Want a happier sex life? For parents, a new study suggests that one of the surest ways to do that is to equally share child care responsibilities.
Egalitarian couples who share between 40 to 60 percent of child care duties, from reading bedtime stories and diaper changing to arranging carpools and playing in the park, not only have higher quality relationships than more traditional couples where women do the bulk of the care work, they also have the best sex lives, the research shows.
“In nearly every case, compared to having the female partner doing all the child care, we found that couples who split it equally had better outcomes across the board,” said Dan Carlson, a sociologist at Georgia State University who co-authored the report and presented it at the American Sociological Association’s annual conference. “Egalitarian couples fought less. They had higher quality relationships. They were more satisfied with their sex lives, and they were more satisfied with the amount of sex they were having.”
Egalitarian and traditional couples, where men are primarily the breadwinners and women primarily responsible for housework and child care, had about the same amount of sex, Carlson said. But egalitarian couples were more satisfied with it.
“These are not minor differences at all,” Carlson said. “These are gulfs of difference between egalitarian and traditional couples in terms of relationship conflict, relationship satisfaction and for quality of sex.”
In fact, of all the couple arrangements Carlson studied, both the men and the women in traditional couples were the least satisfied with the quality of their relationships and their sex lives.
Even couples in the handful of reverse traditional arrangements, where men were doing most of the child care and women were breadwinning, were more satisfied than traditional couples, Carlson found. Except in one area: men in reverse traditional couples tended to rate the frequency of sex at the lowest level of satisfaction, while women rated it the highest.
The new research, one of only a handful to look at child care and sex, challenges conventional wisdom and classic economic theory, that couples who have specific duties in the “separate spheres” of work and home are happiest and have more sex.
Two decades ago, studies found that egalitarian couples spent less time together, had less sex than traditional couples, had more strain, were unhappier and more likely to divorce, Carlson said. They were called “sexless but equal” arrangements. Now, though the amount of sex that all American couples have has been on the decline for years, egalitarian couples are the only ones having more than they used to. And now, an unfair division of labor between work and home is one of the biggest predictors of divorce.
“Something rather miraculous has occurred in the last 20 years,” Carlson said. “Gender equality has become good for us.”
Carlson’s study also upends previous research about the relationship between sex and household duties.
One recent and widely publicized study found that the more housework men did, the less sex couples had, and derided egalitarian couples as “sexless but equal.” Another study, using the same data, found the opposite. (One study looked at types of housework, such as indoor “feminine” work like dishes and vacuuming, versus more “manly” outdoor work like yard work and auto repair and found the more men did “feminine” chores, the less sex couples had.
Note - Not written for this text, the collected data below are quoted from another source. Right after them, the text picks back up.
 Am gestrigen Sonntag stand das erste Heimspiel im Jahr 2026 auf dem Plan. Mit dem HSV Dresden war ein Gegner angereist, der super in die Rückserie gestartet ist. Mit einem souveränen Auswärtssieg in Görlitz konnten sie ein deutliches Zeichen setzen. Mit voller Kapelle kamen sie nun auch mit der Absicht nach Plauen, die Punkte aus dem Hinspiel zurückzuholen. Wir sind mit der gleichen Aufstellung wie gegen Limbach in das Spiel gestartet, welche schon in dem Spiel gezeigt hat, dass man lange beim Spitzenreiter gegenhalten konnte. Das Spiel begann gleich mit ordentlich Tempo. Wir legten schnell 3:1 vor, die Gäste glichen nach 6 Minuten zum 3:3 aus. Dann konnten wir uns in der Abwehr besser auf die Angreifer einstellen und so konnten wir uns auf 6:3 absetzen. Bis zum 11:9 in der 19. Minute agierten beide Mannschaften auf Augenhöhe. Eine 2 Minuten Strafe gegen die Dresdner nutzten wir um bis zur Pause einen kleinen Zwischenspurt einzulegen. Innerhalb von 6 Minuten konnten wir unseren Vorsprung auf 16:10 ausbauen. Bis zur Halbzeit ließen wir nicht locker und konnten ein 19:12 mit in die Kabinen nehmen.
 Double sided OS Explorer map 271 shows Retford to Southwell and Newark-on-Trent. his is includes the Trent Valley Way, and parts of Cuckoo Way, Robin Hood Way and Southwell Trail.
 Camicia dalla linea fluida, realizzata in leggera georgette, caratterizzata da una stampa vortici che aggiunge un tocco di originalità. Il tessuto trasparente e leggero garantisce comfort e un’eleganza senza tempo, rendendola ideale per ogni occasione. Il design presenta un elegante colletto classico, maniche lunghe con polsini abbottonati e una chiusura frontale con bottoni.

Another looked at total hours spent on chores, and found, the more time men spent on housework, the more sex.)
Carlson said both studies were based on data collected in the late 1980s and early 1990s that may be outdated. His work relies on the more recent 2006 Marital and Relationship Survey of 487 primarily low to moderate-income married and co-habitating couples. Using that more recent data, Carlson and his co-authors released another report in 2014 that found couples who routinely shared housework had more sex than traditional couples, and expressed more satisfaction with it.
“Study after study shows that the trend in public opinion is increasingly toward a rejection of that traditional, separate spheres model, and a movement toward embracing shared responsibility for both paid and unpaid labor,” Carlson said. “A lot of this can boil down to people’s sense of fairness and satisfaction with their arrangements. If they’re satisfied and feel the division of labor is fair, that’s what leads to the positive outcomes in their relationships and sex lives.”
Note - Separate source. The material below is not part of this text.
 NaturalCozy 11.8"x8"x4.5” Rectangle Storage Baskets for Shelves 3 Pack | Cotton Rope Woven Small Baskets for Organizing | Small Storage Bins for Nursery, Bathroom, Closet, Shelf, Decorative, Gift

One such survey of 18 to 32-year-olds released in February found that, among the college-educated, 63 percent of men and 62 percent of women said they intended to equally share work and home duties with their partners. For those with a high school education, 82 percent of the men, and 59 percent of the women said they intended to form such egalitarian partnerships.
And time diary data shows that, though women are still doing the majority of housework and child care, both parents are spending more time with children, and the gap between mothers and fathers has narrowed. In the 1960s, women did four times the amount of child care that men did. Now, they do about twice as much.
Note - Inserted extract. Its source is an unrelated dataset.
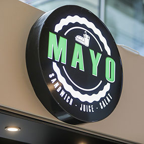 Vores sandwich og juice bar Mayo tilbyder lækre take away sandwich og salater, friskpressede juice, smagfulde smoothies og milkshakes der får smagsløgene til at synge. Har du brug for et lille hvil på shoppeturen, så slå vejen forbi Mayo til et måltid på farten, eller slå dig ned ved vores små caféborde.

In fact, Carlson and his colleagues analyzed historical trends and found that the amount of sex people are having has been on the decline for years, except for those in egalitarian relationships.
“The only couples having more sex than before are egalitarian couples,” Carlson said. “That speaks to the power of people having the partnerships they desire, as opposed to being forced into something because of job requirements, or because it doesn’t make sense for mom to work because dad makes more money and they can’t afford child care. That can build mom’s resentment.”
Despite the unrelenting demands of many American workplaces, and a lack of family-friendly policies like parental leave, egalitarian couples are still finding a way to make it work, Carlson said.
“Through sheer force of will, really,” he said.